Nope. Kill the bagpipes.

Monty hit the approach short, burying the ball in the Winged Foot rough not far from what we call the Greg Norman Pavilion, where the Shark went wide right in the '84 Open. Double-bogey 6 for Monty, one shot short. "You wonder sometimes why you put yourself through this," he said after his fifth runner-up finish in the majors—three in the U.S. Open—and a brief dust-up with one of the gendarmes.

In the meantime, this skinny Geoff Ogilvy person holed a chip on the 71st for a par. So Ogilvy, 29, with only two PGA Tour victories to recommend him, was only one behind Phil.

Ogilvy, described by his caddie as "a handful" when they started working together seven years ago, has grown up. He made an All-Australian up-and-down from short of the green at the last hole to reach the house with what appeared to be the surprising silver medal for runner-up at five-over-par 285.

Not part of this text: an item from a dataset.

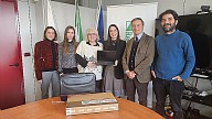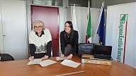 L'assessora regionale all’Agenda digitale, Legalità e Contrasto alle povertà, Elena Mazzoni, consegna alla presidente del Tribunale per i Minorenni dell’Emilia-Romagna, dott.ssa Gabriella Tomai 28 dispositivi informatici

So after a bogey at the 16th and a par from a drive into a trash bag on the 17th, there's Phil on the last tee, ready to be only the third pro in history to win three majors in a row, joining Hogan and Tiger Woods on that short list. But Phil's got the driver in his hands again. Oh, boy. The same club that had been torturing him all day. He'd been going both ways with it, mostly hooks early, then slices later. Why not a 4-wood or even an iron off the tee? Phil said he figured he'd be too far back if he found more rough, but you tell me why these guys don't have a go-to club when they have to find a fairway.

The last drive was a pitiful slice off the so-called "Champions Pavilion" into trampled grass. And though 1,800 trees had been taken down before the Open, a big one was between Phil and the green. He had a shot, but it required another big slice around the tree. Phil knows the situation: par to win, bogey to tie. (Which guy would you have liked in an 18-hole playoff, Mickelson or Ogilvy?) Phil tried with a 3-iron, but the "over-cut" was his only dead-on shot of the day, striking the tree and going, oh, 25 yards.

"Like getting hit by a lightning bolt," said Rick Smith, Phil's swing guru. After an 8-iron into a fried-egg lie in the front-left bunker, a blast across the sloping green into more rough, a gouged chip and a putt, Phil had a double-bogey 6 to lose by a stroke. "Pretty surreal," Ogilvy said.

But classy guy that Phil is, he stuck around for interviews, forced some smiles, signed some autographs and left many of us wondering if the commodore would have done the same thing. Tiger was hoping to become the first player to win a major while staying on a yacht—his 155-foot Privacy—but after a nine-week layoff he had missed his first 36-hole cut in a major since he became a pro. Missed it even though he turned a couple of 82s into a couple of 76s. His cut streak ended at 39, in a tie with Nicklaus. Quite simply, Tiger wasn't ready, and he picked the wrong week and the wrong course not to be ready.

What was left for the commodore to do, as everyone else fell apart? Figure he was lucky to leave early, one supposed.